Какое-то время я обдумывал ее слова.
— Да, но если у тебя отказали тормоза, разве ты не должна, наоборот, приехать раньше?
Ронни рассмеялась и поставила передо мной тарелку чего-то черно-бело-желтого. Выглядело неописуемо, но на вкус оказалось обалденным.
— Спасибо тебе, Томас.
Мы шли через Гайд-парк — просто так, без какой-то определенной цели. Сначала мы держались за руки, но потом расцепились, словно гулять за ручку — это обычная ерунда. День выдался солнечным и теплым, и Лондон казался удивительно красивым.
— Спасибо мне за что?
Ронни опустила глаза и легонько пнула что-то на земле, чего, вероятнее всего, там не было.
— За то, что не пытался заняться со мной любовью вчера ночью.
— Всегда пожалуйста.
На самом деле я не знал, каких слов она ждала от меня, и вообще что это было — начало разговора или его конец.
— Спасибо за то, что поблагодарила меня, — добавил я.
Вот теперь получилось больше похоже на конец.
— Прекрати, пожалуйста.
— Нет, правда. Я очень тебе признателен. Я каждый день не пытаюсь заняться любовью с миллионами женщин, и до сих пор ни одна даже не пискнула в знак благодарности. А тут совсем другое дело. Приятное разнообразие.
Мы погуляли еще немного. Какой-то шальной голубь ринулся было прямо на нас, но в последний момент резко свернул в сторону и умчался прочь, точно вдруг сообразив, что мы вовсе не те, за кого он нас принял.

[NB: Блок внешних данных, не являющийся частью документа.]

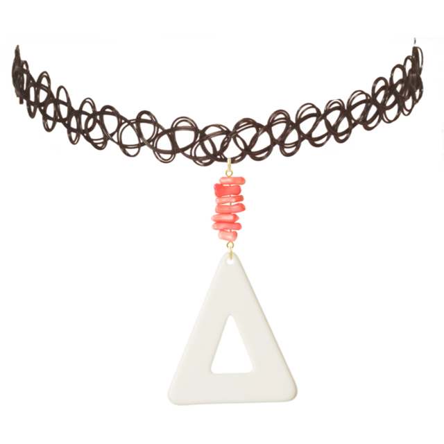 コーラルの珊瑚とホワイトの三角パーツを使用したシンプルで上品なデザインです。
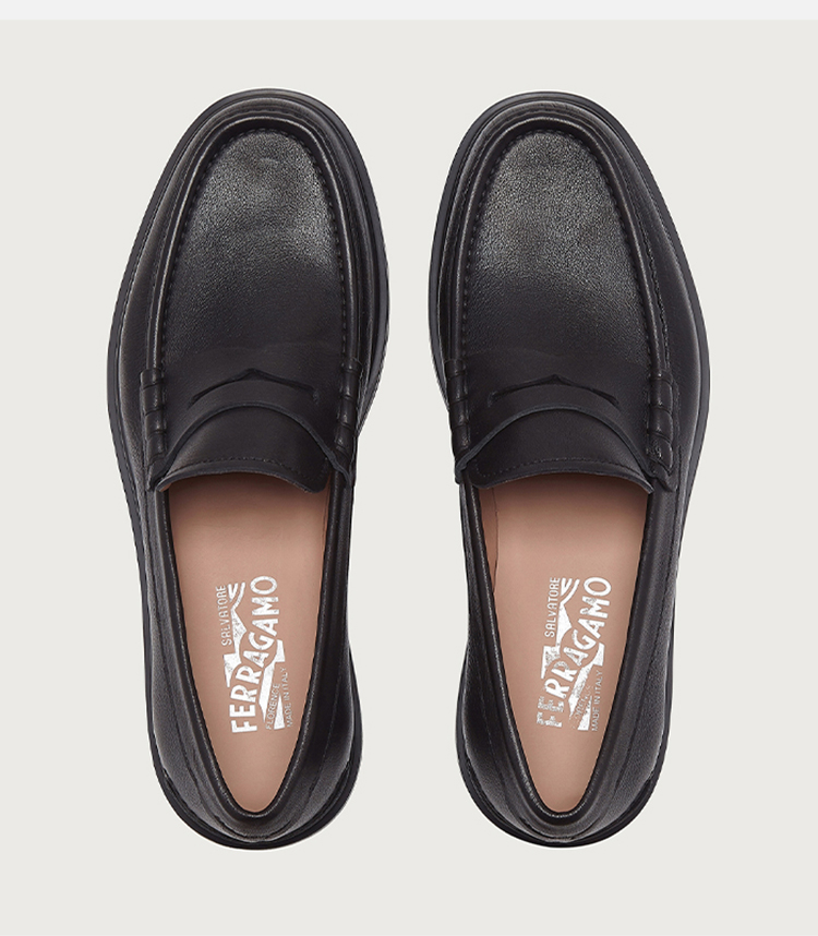 【二】FERRAGAMO 菲拉格慕 男士小牛皮便士乐福鞋 黑色 742243
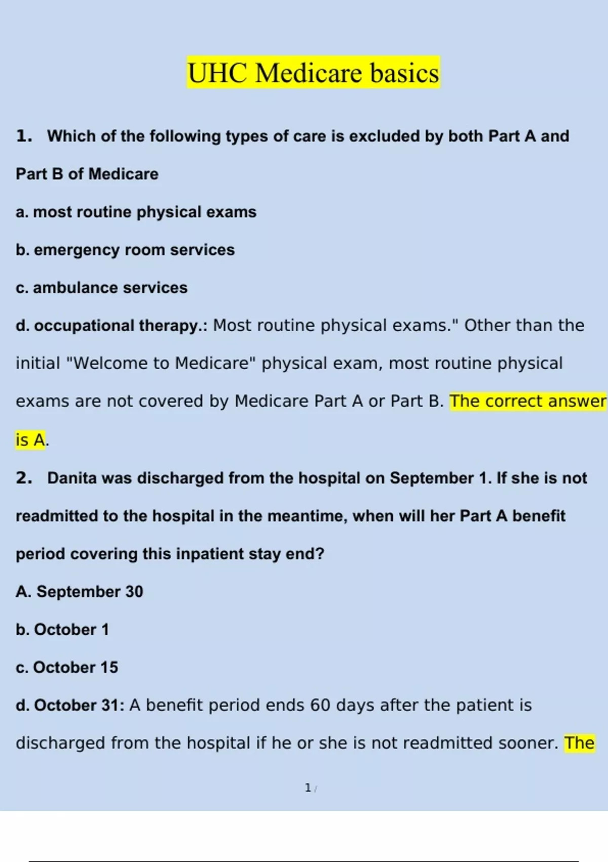 UHC Medicare basics Exam | Questions with 100% Correct Answers | Verified | Updated 2024

Пара лошадей рысью прошла по Роттен-Роу; на спине у каждой восседало по мужчине в твидовой куртке. Королевская конная гвардия, вероятно. Лошади выглядели чрезвычайно смышлеными.
— У тебя кто-нибудь есть, Томас? Сейчас?
— Думаю, ты имеешь в виду женщин?
— Угадал. Ты спишь с кем-нибудь?
— Под словом «спишь» ты имеешь в виду?…
— Отвечай немедленно, а то я позову полицейского.
Она улыбалась. Благодаря мне. Именно я заставил ее улыбаться, и это было очень приятное чувство.
— Нет, Ронни, сейчас я не сплю ни с одной женщиной.
— А с мужчинами?
— И с мужчинами не сплю. И с животными. И с хвойными деревьями.
— А почему, можно спросить? И даже если нельзя.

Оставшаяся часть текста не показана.